• Task brief:
Exact copies of the lines below, from the one with "If you do not" up to and including the one with "2022下册四年级语文人教版 第六单元——18 文言文二则", are what this calls for; leave out pictures.

• Supplied material:
──────
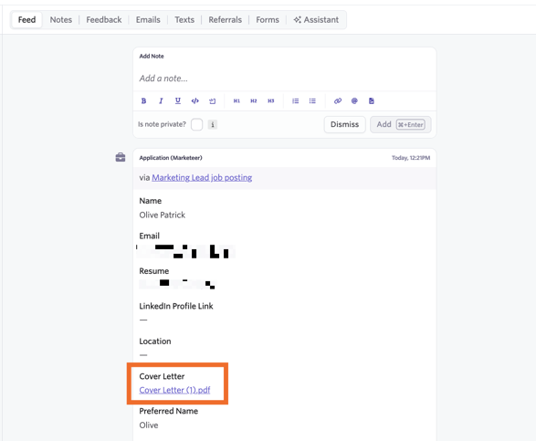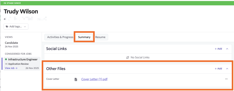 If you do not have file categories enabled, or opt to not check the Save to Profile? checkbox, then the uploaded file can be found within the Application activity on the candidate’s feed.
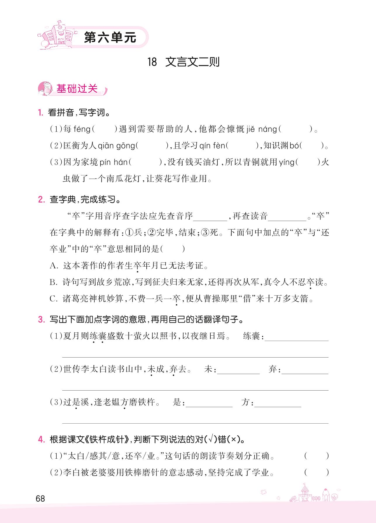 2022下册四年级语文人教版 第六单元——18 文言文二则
──────
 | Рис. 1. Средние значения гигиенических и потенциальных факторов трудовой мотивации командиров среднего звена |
──────
• Final answer:
 If you do not have file categories enabled, or opt to not check the Save to Profile? checkbox, then the uploaded file can be found within the Application activity on the candidate’s feed.
 2022下册四年级语文人教版 第六单元——18 文言文二则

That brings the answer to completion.